Phonetic Matching Tools
In the Sound Matching and Phonetic Toolkit article, I discussed some of the theory and practice behind phonetic matching. I'll skim over the background information here, so we can get to the goodies.
Phonetic matching has a long history, going back to the invention of Soundex by Rusell and Odell in 1918. Soundex can properly be called the grand-daddy of all phonetic search algorithms. As mentioned in the Sound Matching and Phonetic Toolkit article, SQL Server has a SOUNDEX() function built in. Here's the bad news: Soundex is not very accurate. It tends to return a lot of false hits.
The good news? In 1970, Robert L. Taft introduced an improved Soundex system, referred to as the New York State Identification and Intelligence System (NYSIIS). NYSIIS improves on Soundex by handling letter combinations at the beginning of words (like 'MC' and 'PH'), handling certain letter combinations within the word and maintaining relative vowel positions within words, among other improvements. The Toolkit includes a re-written NYSIIS implementation:
- @string is the string to phonetically encode. The result is 8 characters or less. Many implementations truncate the result to 6 characters, so you might wish to do the same with your results. The fn_phon_nysiis function is always case-insensitive and ignores non-alphabetic characters.
Specific details of the NYSIIS algorithm can be found at Wikipedia.
Fig. 1. Sample of fn_phon_nysiis
I've also added an implementation of Lawrence Philips' Double Metaphone algorithm, which was an improvement on his original Metaphone algorithm:
- @string is the string to be encoded. The result is two phonetically encoded strings, up to six characters each.
Double Metaphone is a highly complex exception-based algorithm. It returns up to two possible encodings to account for irregularities, ambiguity and variations in the English language. It also handles some non-Latin alphabet characters. The fn_phon_dmeta function returns the encodings as a table with two columns:
- Num is the number of the match; 1 is the primary match, 2 is the secondary match.
- Code is the phonetic encoding. It is up to six characters in length.
Specific implementation details for the Double Metaphone algorithm are available at Wikipedia - Double Metaphone.
Fig. 2. Sample of fn_phon_dmeta
With this version I have added a couple of new algorithms. The first is an implementation of the Celko Improved Soundex algorithm, introduced by Joe Celko in his book SQL For Smarties: Advanced SQL Programming, now in its third edition. This Soundex variant handles various letter combinations better than the original Russell Soundex.
- @string is the string to be encoded.

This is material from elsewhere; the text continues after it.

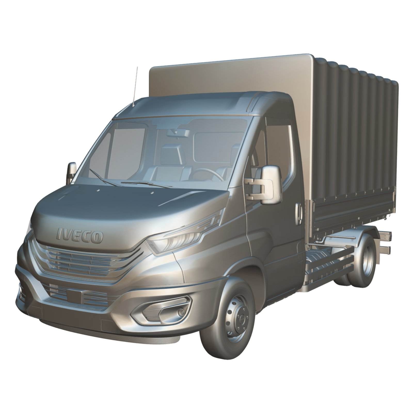 A high-quality Iveco Daily 2022 Short Canvas Flatbed 3D model featuring detailed exterior design with a canvas-covered cargo platform and a basic interior cabin. Built with clean topology and organized geometry for easy customization and integration into rendering, animation, simulation, and game development pipelines. Textures and UV maps are not included, allowing flexible custom material workflows.

The result is a phonetically encoded strings, up to eight characters. Many applications might use only the first four characters of the result, so you might want to truncate your results.
Fig. 3. Sample of fn_phon_celko
To round out the phonetic matching algorithms, I have also included an implementation of the Daitch-Mokotoff Soundex algorithm. While Russell Soundex and most of its variants focus primarily on Western European and names that were widespread in the U.S. as of the 19th century, Daitch-Mokotoff focuses on properly encoding Eastern European names. This algorithm is the sound-indexing standard for the Ellis Island Database project and the U.S. Holocaust Memorial Museum database:
- @string is the string to be encoded. The result is up to 32 separate phonetic encodings. Since Daitch-Mokotoff returns all-numeric values between 100000 and 999999, the encodings are returned as INTEGERs.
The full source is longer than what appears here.